My parents softly discouraged my sister from playing with Legos as a kid because "girls like pretty things."
Now of course, a lot of software in the US is below 20% female and we easily end up with spirals where departments end up lower than that and develop a toxic environment that pushes each new woman out. I personally ended up majoring in math instead of cs because of that process at my college.
I would hesitate to advance any theories as to cause based on that data (e.g., Denmark - part of Scandinavia - is >50% and Finland - not part of Scandinavia but next to it - is <30%).
Scientists and engineers overall include a lot of disciplines that are not CS. Biology in particular is frequently majority female.
I guess the interesting point of discussion here is "personal inclination". A lot of my female friends have stories about how their parents encouraged their brothers to fix things around the house, get their hands dirty, read manuals, and set up new appliances. They tell me how they were, conversely, encouraged to make friends, maintain relationships, and steered toward more aesthetic pursuits like art, drama, or music.
My sister, at an age when she had no strong interests of her own, was given paintbrushes and nice paper as gifts by our parents but not Legos because they felt like girls were more likely to enjoy aesthetic things than mechanical things. Funny enough, as an adult she has neither mechanical nor aesthetic interests. The question I guess is how much of "personal inclination" is driven by these small decisions of what options we give to kids.

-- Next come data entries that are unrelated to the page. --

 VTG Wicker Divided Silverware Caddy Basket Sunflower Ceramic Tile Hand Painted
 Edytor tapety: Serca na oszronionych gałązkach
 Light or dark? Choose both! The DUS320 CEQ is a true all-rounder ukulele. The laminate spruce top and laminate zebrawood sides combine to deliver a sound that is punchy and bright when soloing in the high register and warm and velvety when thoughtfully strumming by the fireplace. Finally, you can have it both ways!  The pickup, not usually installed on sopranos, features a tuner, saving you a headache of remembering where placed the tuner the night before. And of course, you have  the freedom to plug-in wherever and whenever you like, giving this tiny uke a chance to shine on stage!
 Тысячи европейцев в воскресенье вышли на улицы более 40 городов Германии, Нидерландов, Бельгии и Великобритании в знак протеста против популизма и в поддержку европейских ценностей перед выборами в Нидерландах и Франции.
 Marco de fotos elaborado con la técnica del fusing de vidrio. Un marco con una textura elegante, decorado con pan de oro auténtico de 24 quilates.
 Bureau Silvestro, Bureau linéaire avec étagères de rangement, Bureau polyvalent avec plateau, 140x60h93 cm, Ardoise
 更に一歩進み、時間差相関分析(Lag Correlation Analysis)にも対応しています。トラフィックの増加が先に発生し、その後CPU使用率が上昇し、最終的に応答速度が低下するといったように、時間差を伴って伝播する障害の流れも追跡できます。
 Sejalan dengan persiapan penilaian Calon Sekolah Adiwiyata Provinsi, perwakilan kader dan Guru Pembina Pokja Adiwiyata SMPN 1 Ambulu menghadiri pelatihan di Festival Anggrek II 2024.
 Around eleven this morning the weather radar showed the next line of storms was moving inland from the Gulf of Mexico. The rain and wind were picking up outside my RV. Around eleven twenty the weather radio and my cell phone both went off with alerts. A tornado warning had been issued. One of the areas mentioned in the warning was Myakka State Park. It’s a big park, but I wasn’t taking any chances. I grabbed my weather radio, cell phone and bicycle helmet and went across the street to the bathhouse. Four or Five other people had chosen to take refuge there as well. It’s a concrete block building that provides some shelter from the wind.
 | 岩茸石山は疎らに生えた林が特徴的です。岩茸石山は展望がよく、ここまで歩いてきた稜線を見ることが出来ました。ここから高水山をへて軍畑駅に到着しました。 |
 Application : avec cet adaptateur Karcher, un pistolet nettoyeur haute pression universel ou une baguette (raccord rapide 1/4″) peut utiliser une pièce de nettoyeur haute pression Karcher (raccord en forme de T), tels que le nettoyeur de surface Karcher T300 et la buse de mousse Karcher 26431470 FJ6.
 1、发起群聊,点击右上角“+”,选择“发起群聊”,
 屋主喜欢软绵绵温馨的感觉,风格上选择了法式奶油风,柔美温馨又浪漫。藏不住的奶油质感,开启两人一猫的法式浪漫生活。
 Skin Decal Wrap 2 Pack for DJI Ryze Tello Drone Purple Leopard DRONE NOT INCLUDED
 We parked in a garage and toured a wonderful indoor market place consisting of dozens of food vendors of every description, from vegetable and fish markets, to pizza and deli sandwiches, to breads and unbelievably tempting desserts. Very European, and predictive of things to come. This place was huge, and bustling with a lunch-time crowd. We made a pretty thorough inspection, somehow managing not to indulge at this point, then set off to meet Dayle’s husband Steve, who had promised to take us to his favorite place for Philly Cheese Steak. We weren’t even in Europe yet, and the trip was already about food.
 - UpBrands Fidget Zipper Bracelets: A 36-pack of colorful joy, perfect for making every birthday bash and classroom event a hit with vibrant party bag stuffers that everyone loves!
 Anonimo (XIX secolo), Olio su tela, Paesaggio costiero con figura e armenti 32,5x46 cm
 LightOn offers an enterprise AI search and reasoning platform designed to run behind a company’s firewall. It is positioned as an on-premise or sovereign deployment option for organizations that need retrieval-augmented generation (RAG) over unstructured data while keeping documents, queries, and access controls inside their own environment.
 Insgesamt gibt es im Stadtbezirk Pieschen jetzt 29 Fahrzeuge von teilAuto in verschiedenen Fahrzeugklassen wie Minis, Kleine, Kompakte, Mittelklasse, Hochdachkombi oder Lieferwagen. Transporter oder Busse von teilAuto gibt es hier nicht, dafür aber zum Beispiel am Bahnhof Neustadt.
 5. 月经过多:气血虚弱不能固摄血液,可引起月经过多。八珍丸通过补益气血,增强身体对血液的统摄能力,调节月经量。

I will say my experiences are colored by the fact that my family is a low-income immigrant family in the US from a culture with definite gender discrimination and so they hold stronger gender prejudices than probably a high-income Scandinavian family. My guess is also that younger generations have grown up with a much better idea of gender equality and will raise their kids with less of this prejudice.
I also observed in my school that a lot of women felt more comfortable in the math department than CS (though CS had much less prestige compared to now), so thanks for your story and background.
The US spends more per student than any other country, by a lot. Money is very clearly not the problem.
BTW, if you condition PISA scores on racial groups, any racial group (black, white, asian, whatever) scores higher in the USA than in any other country, except Hong Kong.
I've heard this, but will fully admit I don't know how real this is. For one, the US generally has the highest COL in the world, so it's bound to spend more per student than any other country. Moreover, the general concern I've seen is that badly funded school districts in the US are much worse off than well funded school districts. Moreover gender disparities are not as bad in well funded school districts.